• _What this task involves_
Please copy the data exactly as it stands, minus the images.

• _Supplied information_
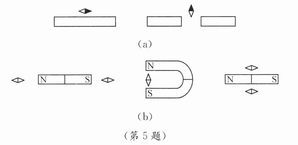 5. (1)根据图(a)中小磁针静止时的位置(黑端为N极),标出各磁体的N、S极。
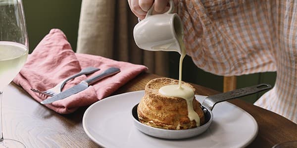 Our twice-baked cheese soufflé is an iconic dish here at The Ropemaker – light, airy, and so utterly delicious.
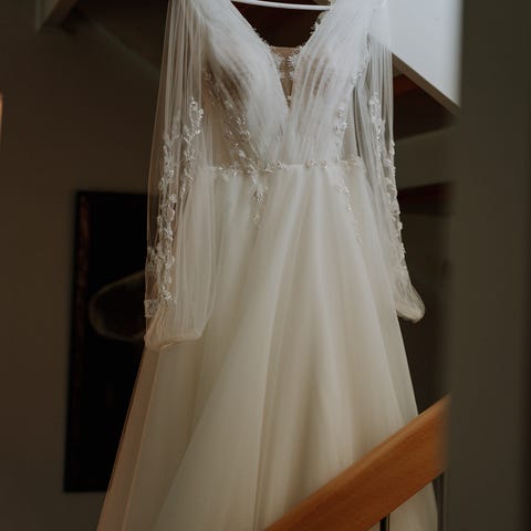 Selger den nydelige brudekjolen min med navn Diaz fra merket Anna Novia i størrelse 36. Følte meg veldig fin i denne og den er komfortabel å ha på. Kjolen har en hempe slik at slepet kan henges opp bak.
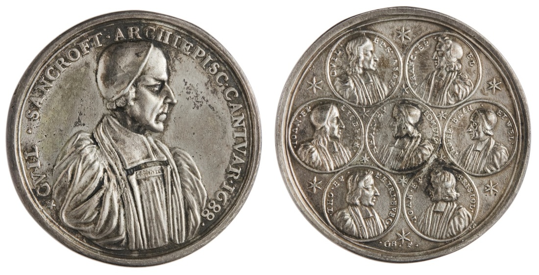 England. Archbishop Sancroft and the Bishops, 1688. Medal. Cast Silver, 50mm. 27.08 gms. Thin flan. By G. Bower. Clerically robed bust right wearing cap, rev. Six medallions around central medallion, each containing a cleric's bust - William Lloyd, Francis Turner, John Lake, Henry Compton, Thomas Ken, Thomas White and Sir John Trelawney, stars in angles. Eimer 288b. Toned over some hairlines in obverse field. Extremely Fine.

• _Response area_
 5. (1)根据图(a)中小磁针静止时的位置(黑端为N极),标出各磁体的N、S极。
 Our twice-baked cheese soufflé is an iconic dish here at The Ropemaker – light, airy, and so utterly delicious.
 Selger den nydelige brudekjolen min med navn Diaz fra merket Anna Novia i størrelse 36. Følte meg veldig fin i denne og den er komfortabel å ha på. Kjolen har en hempe slik at slepet kan henges opp bak.
 England. Archbishop Sancroft and the Bishops, 1688. Medal. Cast Silver, 50mm. 27.08 gms. Thin flan. By G. Bower. Clerically robed bust right wearing cap, rev. Six medallions around central medallion, each containing a cleric's bust - William Lloyd, Francis Turner, John Lake, Henry Compton, Thomas Ken, Thomas White and Sir John Trelawney, stars in angles. Eimer 288b. Toned over some hairlines in obverse field. Extremely Fine.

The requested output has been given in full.